The brain infection WNF is originally from Africa and Asia where is usually rare and mild. While birds are the virus' reservoir host - only in them can the virus develop and grow - the infection can be transmitted, through the bite of contaminated mosquitoes, to humans where usually causes mild febrile symptoms although, in some cases, can lead to severe neurological problems such as meningitis and encephalitis (acute inflammation of the brain) or even death.

In the last decade the virus has emerged in Europe and the United States (US) carried by Culex pipiens, the most abundant species of mosquito in temperate climates, particularly of urban (overpopulated) areas. Despite the fact that the virus seemed to be carried by a specific population of the species - the pipiens or Culex pipiens pipiens population - which feeds on birds but not on humans, several human outbreaks have been recorded, particularly in the US, where epidemics have spread everywhere in the country. Finally, just a few years ago, the US cases were linked to a new hybrid population - a breed of Culex pipiens pipiens (that bites birds and carries the virus) and Culex pipiens molestus (that bites humans) - able to feed on both species and, as result, acting as disease vector transmitting the infection to humans.

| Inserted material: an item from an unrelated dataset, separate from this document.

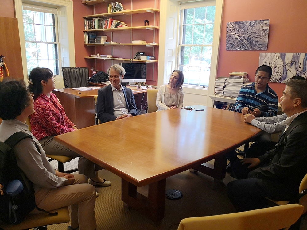 随后代表团赴哈佛大学比较文学系与系主任David Damrosch教授等比较文学系教师进行会谈。David Damrosch教授对91大神代表团的到访表示热烈欢迎,并对两院间的合作表达了浓厚的兴趣。双方探讨了学生短期交流,博士生及访问学者的访学项目,承办国际学术会议等多种合作的可能性,并就相关事宜达成了初步的合作意向。

In Europe, however, no evidence of these hybrids was found and studies of the European pipiens and molestus populations suggested they were genetically too different to breed easily. Even more, on the north of Europe, the two populations were shown to occupy distinct habitats - with molestus living underground (in the London tube for example) and pipiens aboveground - further limiting their potential danger to humans.  All this, associated with the fact that no outbreaks have ever occurred in this part of the world has reassured the European health authorities.

Recently, however, recent reports in the south of Europe - where the two populations live together aboveground - of infected mosquitoes and sporadic cases of the WNF have raised the alarm and led to the study now published by Bruno Gomes, João Pinto and colleagues, which attempts to understand the real risk of WNF in this part of the world.

In the study several Culex pipiens mosquitoes were collected in Portugal, close to an area of birds natural reserves, analysed and then allowed to breed so their first set of descendants could be studied. The idea was to determine the genetic closeness between the south European molestus and pipiens populations, as well as their potential to create the epidemiologically relevant hybrids.